### AVAILABLE DATA
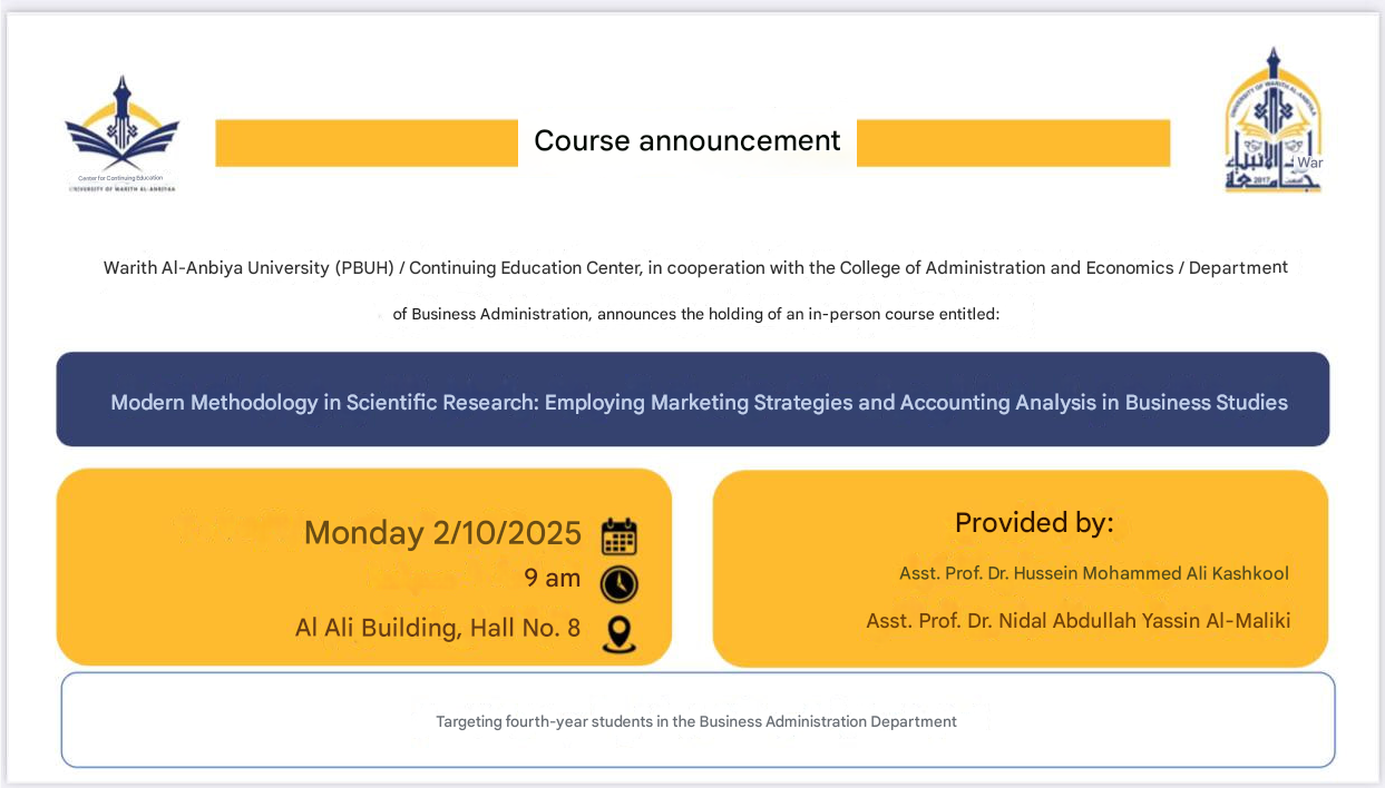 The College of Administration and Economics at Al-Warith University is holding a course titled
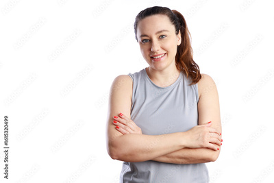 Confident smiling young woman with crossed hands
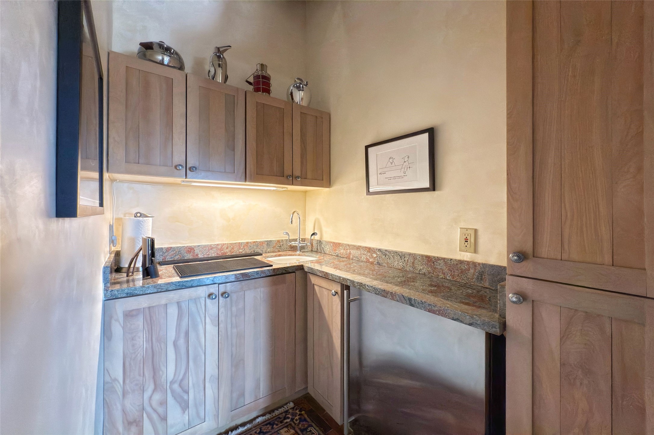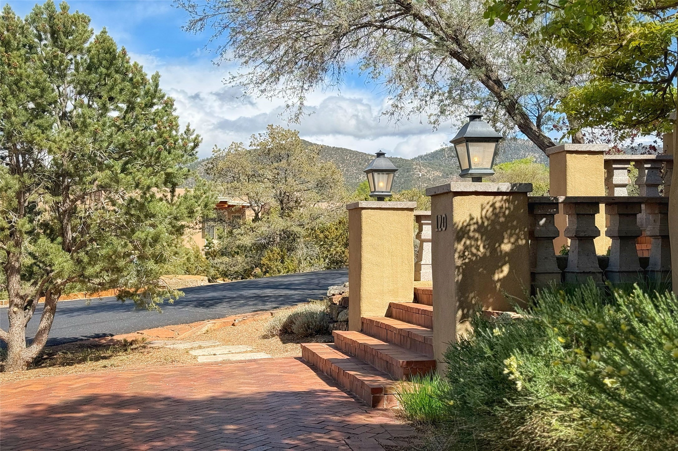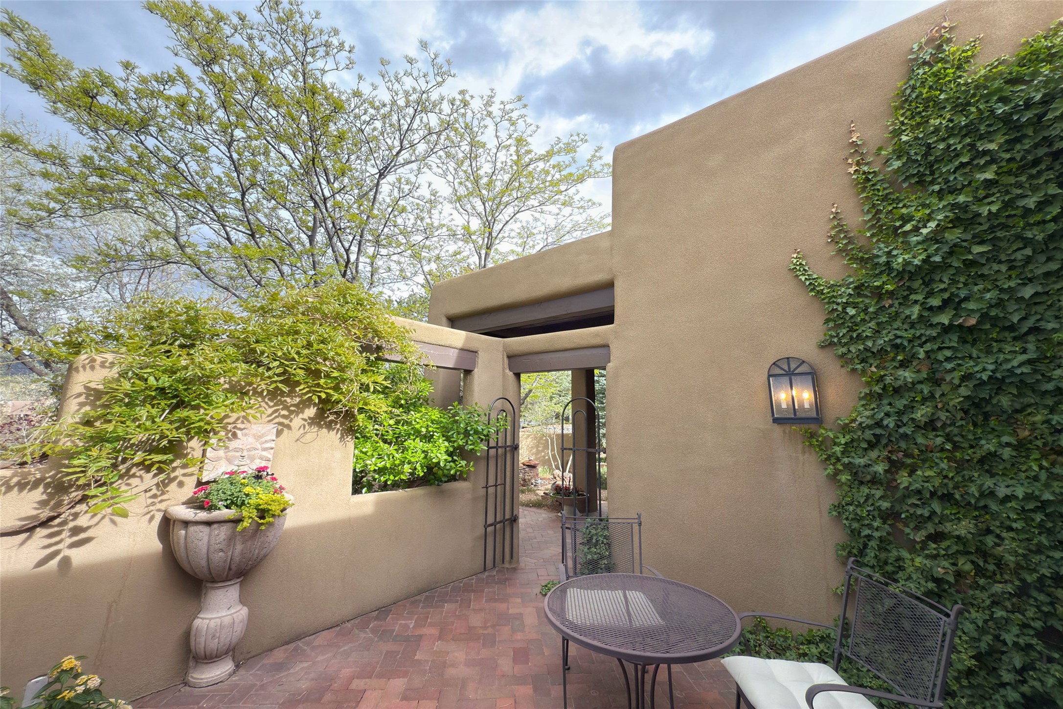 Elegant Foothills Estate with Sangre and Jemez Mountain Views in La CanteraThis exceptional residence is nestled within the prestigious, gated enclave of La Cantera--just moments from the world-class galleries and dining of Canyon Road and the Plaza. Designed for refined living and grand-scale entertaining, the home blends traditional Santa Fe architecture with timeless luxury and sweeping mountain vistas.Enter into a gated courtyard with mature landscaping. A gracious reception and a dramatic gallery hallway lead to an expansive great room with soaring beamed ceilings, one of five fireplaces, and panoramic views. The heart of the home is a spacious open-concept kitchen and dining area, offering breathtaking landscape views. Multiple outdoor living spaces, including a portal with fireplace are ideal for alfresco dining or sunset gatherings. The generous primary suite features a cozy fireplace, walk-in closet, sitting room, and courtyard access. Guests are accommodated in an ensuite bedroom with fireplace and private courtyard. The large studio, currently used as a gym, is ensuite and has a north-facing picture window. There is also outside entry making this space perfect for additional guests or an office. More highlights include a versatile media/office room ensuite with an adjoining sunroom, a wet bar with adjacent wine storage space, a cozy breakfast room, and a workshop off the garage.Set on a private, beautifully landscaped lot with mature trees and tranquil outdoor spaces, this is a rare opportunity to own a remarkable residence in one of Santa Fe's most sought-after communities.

### WHAT TO PRODUCE
Reproduce the opening lines of the material above exactly, ending with the line that contains "Confident smiling young". Omit every picture.

### TASK ANSWER
 The College of Administration and Economics at Al-Warith University is holding a course titled
 Confident smiling young woman with crossed hands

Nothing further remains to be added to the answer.